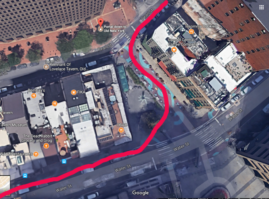 The Coenties Slip "S-Curve," at Coentes Slip and Pearl Street, on the former 2nd and 3rd Ave Elevated Train lines
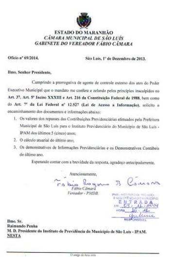 Foi pedido por ofício, informações ao presidente do órgão, Raimundo Penha, sobre as receitas e despesas na autarquia. No documento, o parlamentar solicitou a planilha dos valores dos repasses das Contribuições Previdenciárias efetuadas pela Prefeitura para o Instituto de Previdência nos últimos cinco anos; o cálculo atuarial do ultimo ano, além dos demonstrativos de informações previdenciárias e contábeis do último ano. Como não obteve sucesso, no dia 10 de fevereiro, entrou com mandado de segurança impetrado na justiça.
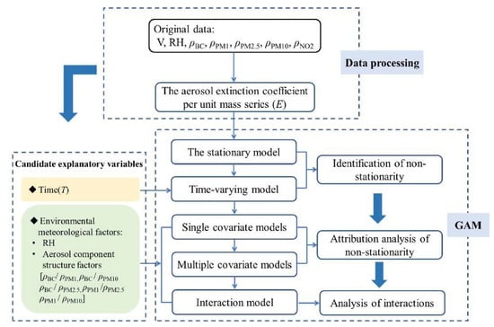 Figure 2 shows the frequency histogram and kernel density curve of the aerosol extinction coefficient per unit of mass and the environmental meteorological factors. Seen from Figure 2a, the aerosol extinction coefficient per unit of mass shows a right-skewed characteristic, so it is preliminarily set that the change of the extinction coefficient per unit of mass conforms to the Gamma distribution. In Figure 2a, the red curve is the density distribution curve fitted by Gamma, which is consistent with the kernel density curve. Therefore, in this study the Gamma function is selected as the distribution function of GAMs. At the same time, from the frequency histogram and kernel density curve of environmental meteorological factors, it can be observed that all factors are similar to the distribution of the aerosol extinction coefficient per unit of mass, which basically conforms to the Gamma distribution pattern. Therefore, in this study the identity link function is used as the link function and the explanatory variables are connected to the response variables that obey the Gamma distribution through a linear combination. Figure 3 presents the framework of non-stationarity analysis of the aerosol extinction coefficient per unit of mass.
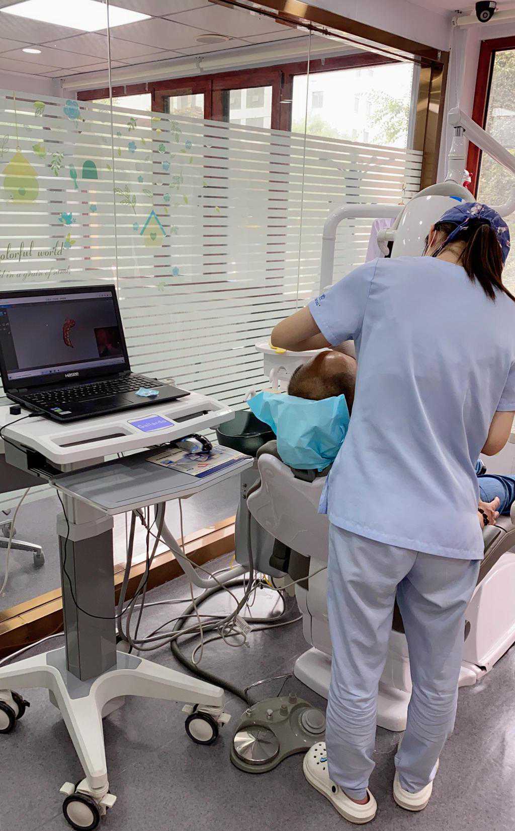 据介绍,在治疗效果方面,过去种植牙时,医生需要切开患者的牙龈黏膜层,放入种植体后再缝合。但通过机器人操作,可以直接在牙龈黏膜层上钻孔至牙床内部,植入种植体,这样的微创手术,术后几乎看不到有手术痕迹,不影响美观。
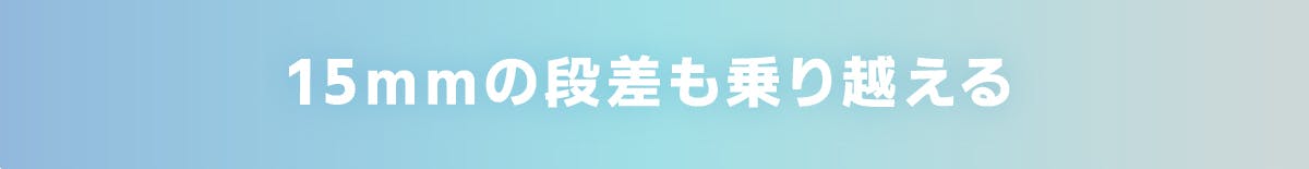 15mmまでの段差を乗り越えることができ、低い敷居にも立ち往生することなく
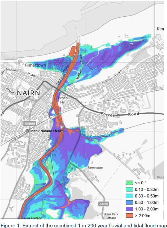 Nairn is in the unfortunate position of being cleft between two local authorities, Highland to the west and Moray to the East, with Moray Council being the lead authority with regard to Flood Risk Management.
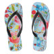 Cheerful rose and cherry floral pattern on a lovely pair of summery blue flip-flops. Customisable in your choice of background colour.
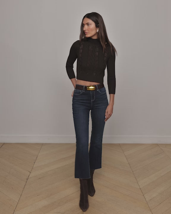 A woman with long dark hair poses confidently indoors wearing the L'AGENCE Kamdyn Cropped Sweater—a black cable knit pullover with gold shoulder buttons—paired with high-waisted flared blue jeans and brown ankle boots.
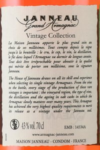 Janneau Vintage Collection - арманьяк Жанно Винтажная Коллекция 1980 год 0.7 л в п/у
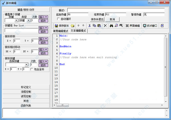 脚本大师可帮您快速的完成指定的任务,可以极大的减少您重复按键的工作量,甚至可以轻松实现全自动的任务!

**INSTRUCTIONS TO FOLLOW**
Only the lines from the line containing "Cheerful rose and" through the end of the material should be retyped, exactly and in full, with no pictures.

**RESULT FOR THIS TASK**
 Cheerful rose and cherry floral pattern on a lovely pair of summery blue flip-flops. Customisable in your choice of background colour.
 A woman with long dark hair poses confidently indoors wearing the L'AGENCE Kamdyn Cropped Sweater—a black cable knit pullover with gold shoulder buttons—paired with high-waisted flared blue jeans and brown ankle boots.
 Janneau Vintage Collection - арманьяк Жанно Винтажная Коллекция 1980 год 0.7 л в п/у
 脚本大师可帮您快速的完成指定的任务,可以极大的减少您重复按键的工作量,甚至可以轻松实现全自动的任务!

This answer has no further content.